There are times when data needs to be transformed in some way before the training process begins. An example of this is adding a UUID to each example, or adding a data quality indicator. These features may not necessarily be needed at inference time, but may be useful in the training process. Another example could be in image processing, you can apply other image models, opencv functions etc., to add features. We should provide a PreTransform
component that allows for the application of arbitrary python based transformations to the data at scale using apache beam.
Will this change the current API? How?
It will add a new component named PreTransform
. This component will take in examples, a schema, and a udf that takes in a dictionary and outputs a dictionary. The component will produce examples.
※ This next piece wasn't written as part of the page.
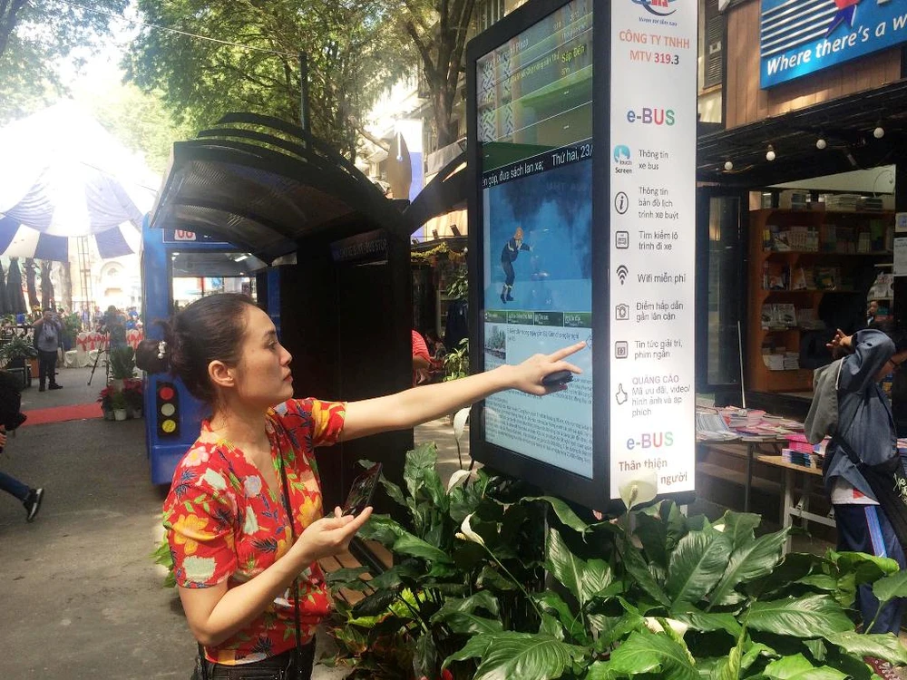Người dân thích thú với bảng tra cứu thông tin về xe buýt.

It should execute in distributed fashion using apache beam.
Who will benefit with this feature?
Users who want to do arbitrary transformations on data at scale using apache beam/Dataflow without having to deal with the underlying complexity.
Do you have a workaround or are completely blocked by this? :
We have written a version that runs on DirectRunner
- we can likely port this to GCP using custom containers etc., but would be nice to have this within TFX itself.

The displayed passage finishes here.